Geographically, approximately 85% of WuXi AppTec's revenue in the first three quarters of 2025 came from overseas markets. Revenue from U.S. clients reached 22.15 billion yuan, accounting for about 68.26% of total revenue. In terms of growth rates, revenue from U.S. clients increased by 31.9% year-on-year, while European clients contributed 13.5% growth, and domestic Chinese client revenue grew only 0.5%. This indicates that overseas markets, particularly the U.S., remain WuXi AppTec's primary battlefield, necessitating a continued commitment to global expansion and enhanced worldwide capabilities.

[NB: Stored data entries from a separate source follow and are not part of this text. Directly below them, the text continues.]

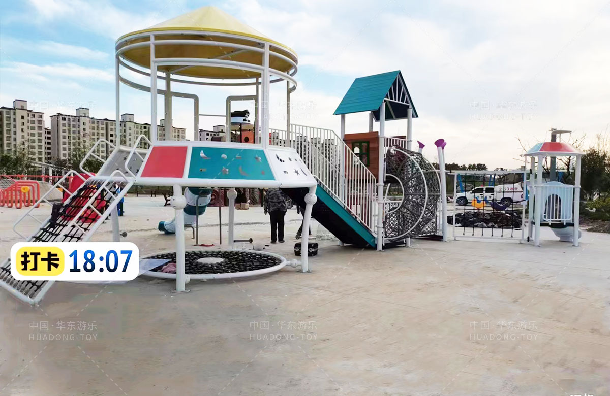 • 该项目是一个综合的游乐场地,为了更好的促进人民生活水平,增强全民的运动的发展,该游乐场设置了小朋友喜欢的大型组合滑梯、儿童摇摇乐、攀爬网、组合秋千、传声筒、攀爬墙、休闲厅等游乐设备,不仅仅丰富了居民的出行生活,也为小朋友的健康成长提供了保障。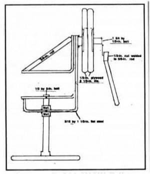 He made the blade holder out of 1 1/2-in. wide flat steel with a spindle that holds the blade, sandwiched between two 5 1/2 in. dia. 1/2-in. plywood circles. A hand tightened hold-down bolt holds the blade tight and can be quickly loosened to rotate the blade.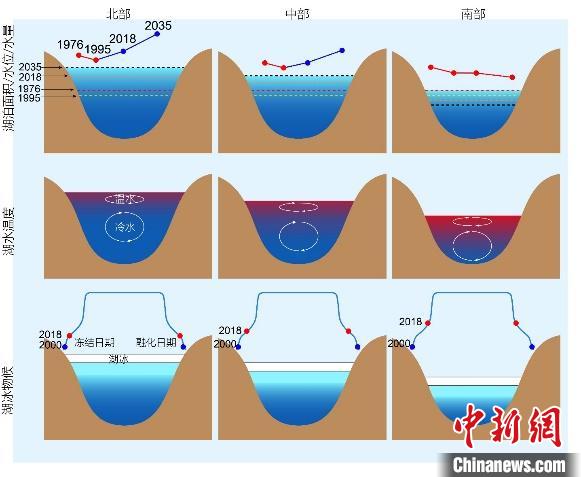 གཅིག་ནི་མཚོ་བོད་མཐོ་སྒང་གི་མཚེའུ་ཡི་རྒྱ་ཁྱོན་དང་། ཆུ་གནས། ཆུ་འབོར་བཅས་ཀྱི་འགྱུར་ལྡོག་དེ་1970ལོ་ནས་1990ལོའི་དུས་དཀྱིལ་བར་ཅུང་ཆག་ཡོད་པ་དང་། དེ་རྗེས་རྒྱུན་མཐུད་ངང་མགྱོགས་པོར་འཕར་བའི་རྣམ་པ་མངོན་ཡོད།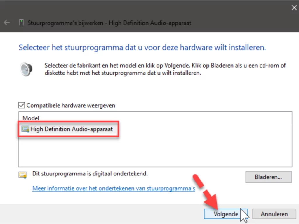 - Ik wil kiezen uit een lijst met stuurprogramma’s op mijn computer
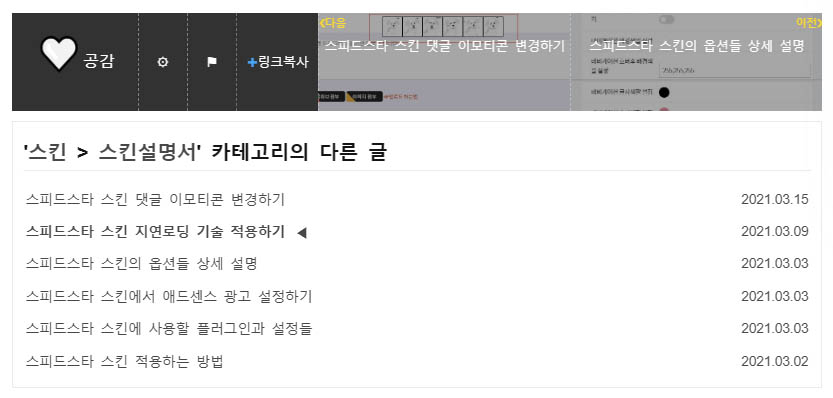 이제 공감 버튼 하단쪽에 [**관련글**]을 볼 수 있는 글상자를 출력할 수 있게 됩니다.
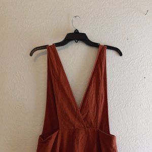 Supercute pinafore jumpsuit. Wideleg, slightly cropped pants. Plunging neckline. Functional tortoiseshell-look buttons. Surprisingly comfy. I want to call the fabric a gauzy cotton, but it's not sheer or ethereal. It has a nice weight & natural texture. Bought secondhand online, and didn't notice it had a tear/hole just to the side of the fly. I let it sit around on a hanger for two months, feeling stupid, thinking maybe I'd wear it under a sweater before deciding to cut it into a pinafore top.First, I tried it on. It was so cute that I had my Mom sew up the tear. The stitching is visible on the outside but I think I did a really good job finding thread in a matching color. See photos.

Consequently, WuXi AppTec plans to accelerate facility development across Asia, Europe, and America to build a comprehensive global supply chain network.


In the United States, WuXi AppTec announced the opening of its Boston Center of Excellence in Watertown, Massachusetts on September 10, 2025. The company is also advancing the construction of its Middleton site, scheduled to commence operations by the end of 2026, while steadily progressing with its Delaware production base, expected to become operational in the fourth quarter of 2026.


In Asia, WuXi AppTec's Singapore R&D and manufacturing base commenced construction in 2024, with its first phase planned to launch in 2027.


In Europe, the company is continuously expanding its Couvre manufacturing facility in Switzerland. The packaging capacity for oral dosage forms was doubled in 2024, and a spray drying workshop is under construction, set for completion in the fourth quarter of 2026. Additional capabilities in parenteral formulations will be added subsequently.


To date, WuXi AppTec's chemical business platform operates 15 facilities globally, spanning China, the U.S., Switzerland, and Singapore. With its ongoing capacity investments, the company is positioned to provide clients with a flexible and resilient global supply network, further mitigating risks associated with geopolitical factors.